Efficient hydrogen recovery from wastewater treatment by piezo-photocatalytic heterostructure

Abstract

Hydrogen (H2) recovery during wastewater treatment has been considered as a promising direction to accomplish environmental sustainability. However, the effective H2 evolution in contaminants degradation process was still a major challenge. In this research, an advanced piezo-photocatalytic induced hydro-energy system is proposed, in consideration of improving the separation and transfer efficiency of photogenerated electrons and holes. As expected, the catalytic performance was significantly enhanced under the stress of ultrasound-induced piezoelectric field (major nitenpyram degradation within 60 min, H2 evolution was 746.56 μmol g−1 h−1).
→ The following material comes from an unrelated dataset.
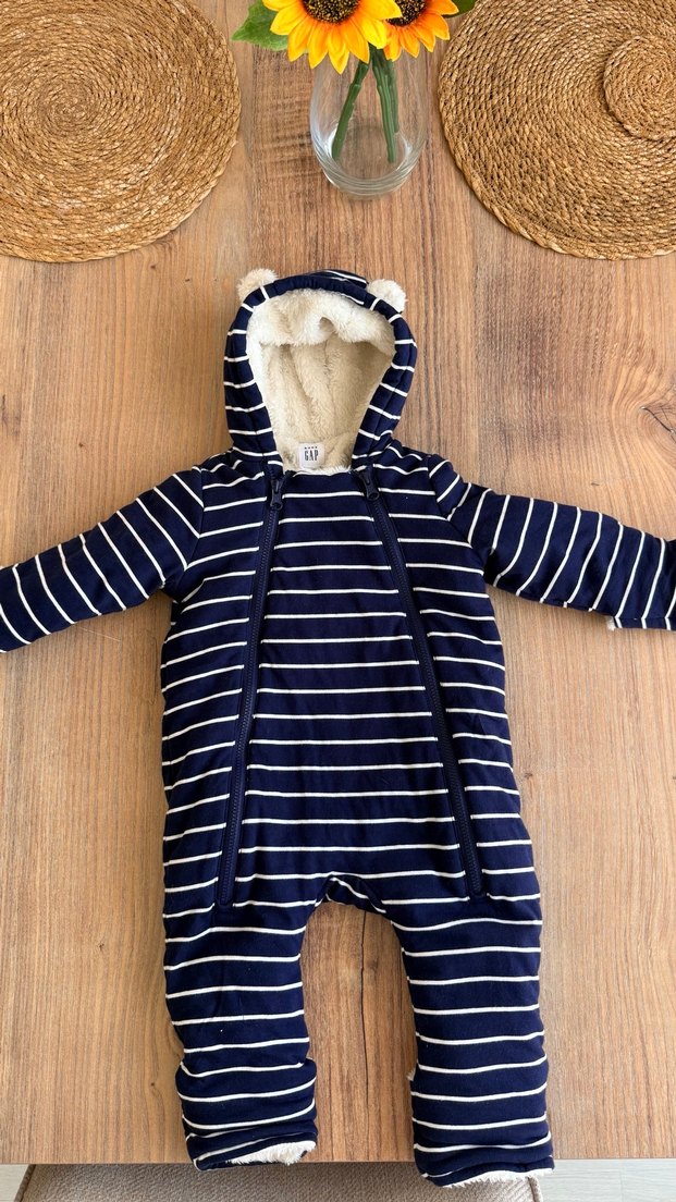 Orijinal gap ürünüdür. Bedeni 3-6 ay bebeğime küçük geldi hiç giydiremedim. Sadece etiketini söküp 1 kere yıkadım. Elleri ayakları kapanabiliyor fotoğraflarda göründüğü şekilde.
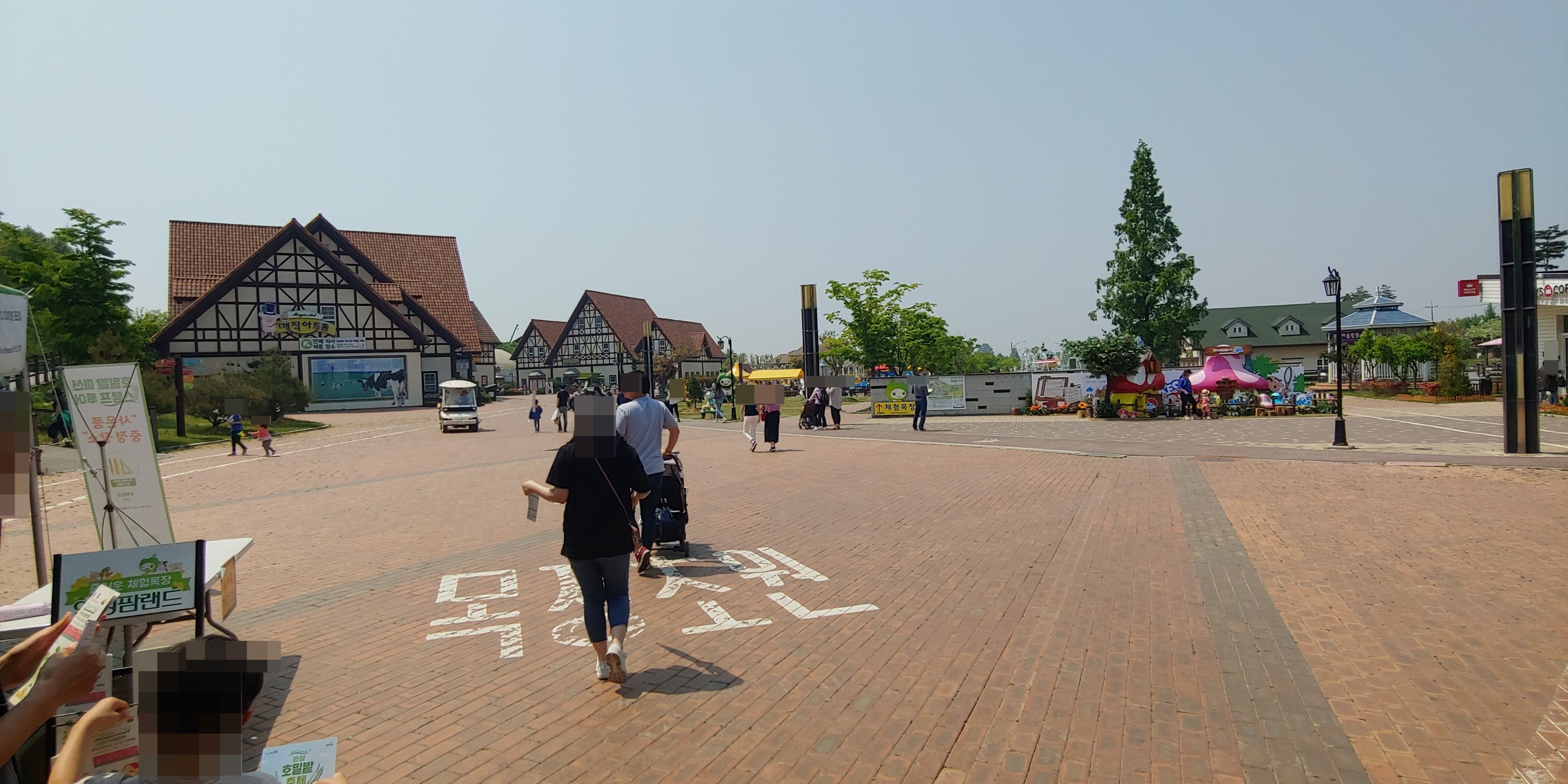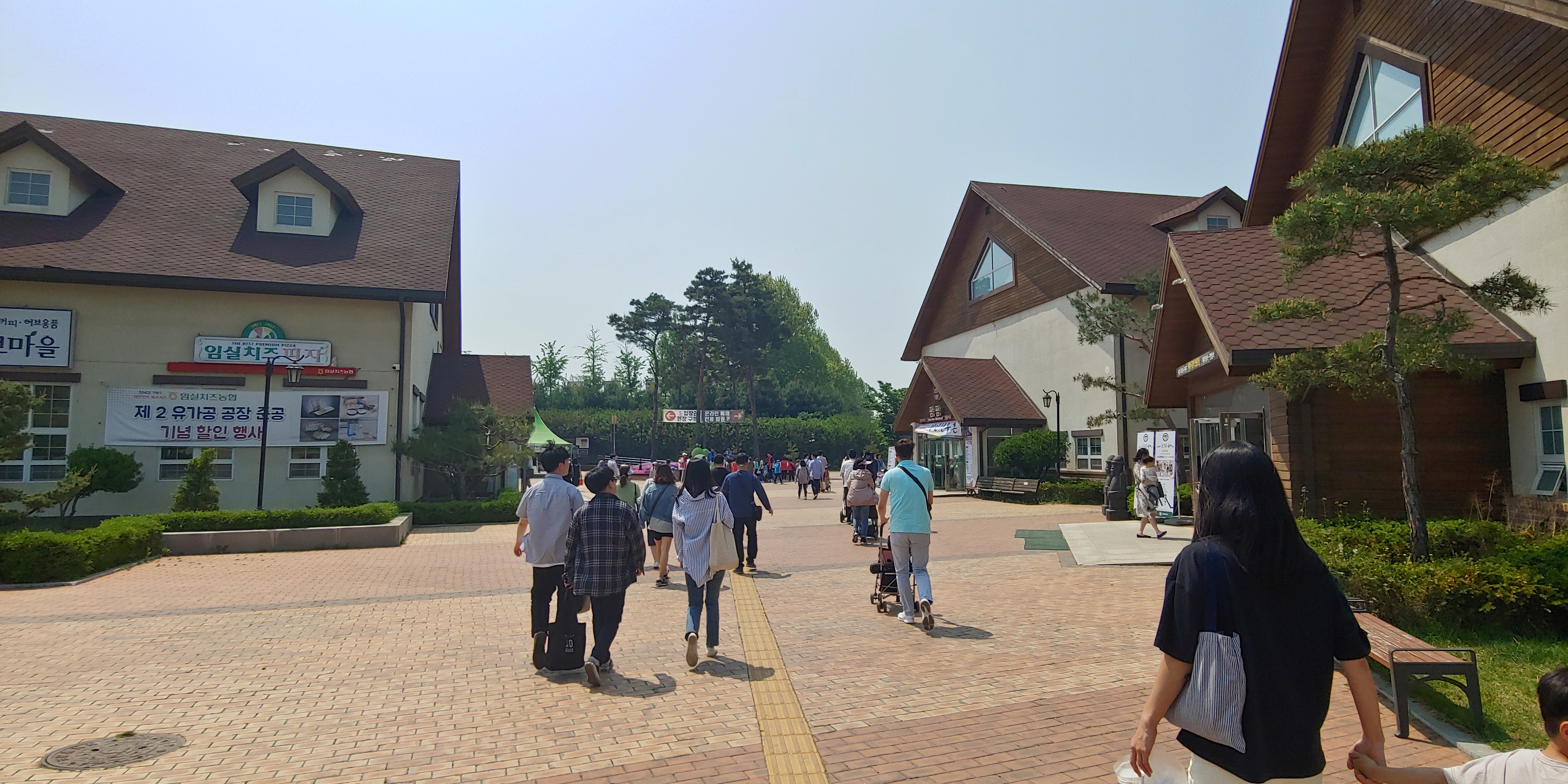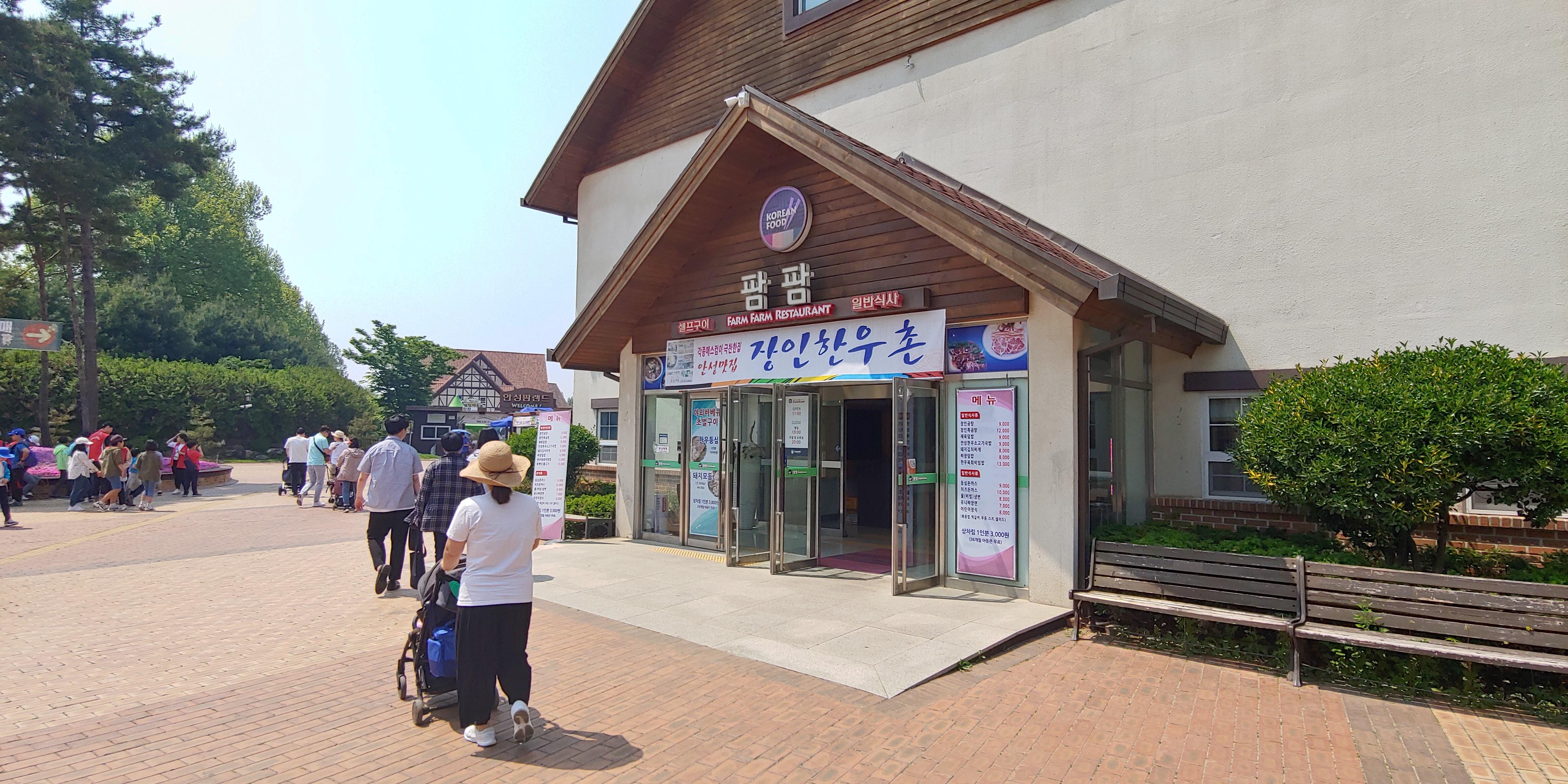 안성 팜랜드 주차장에서 매표소로 걸어가는 길에 식당 및 편의점이 있습니다

Experiments and density functional theory calculations illustrated that the introduced piezoelectric field directionally tuned the energy band structure of heterostructure, triggering a change in the electron transfer path within the heterostructure, which facilitated the major electrons transferred to zinc oxide (H2 evolution) and holes accumulated in molybdenum sulfide (hydroxyl radical generation), further accelerating contaminants degradation and H2 evolution. Furthermore, the in-depth mechanism of contaminants degradation and H2 evolution under the influence of piezoelectric field was further explored. The piezo-photocatalytic system of this work first accomplished H2 recovery in wastewater treatment on heterostructure, providing a constructive strategy for the design of environmentally sustainable catalytic systems.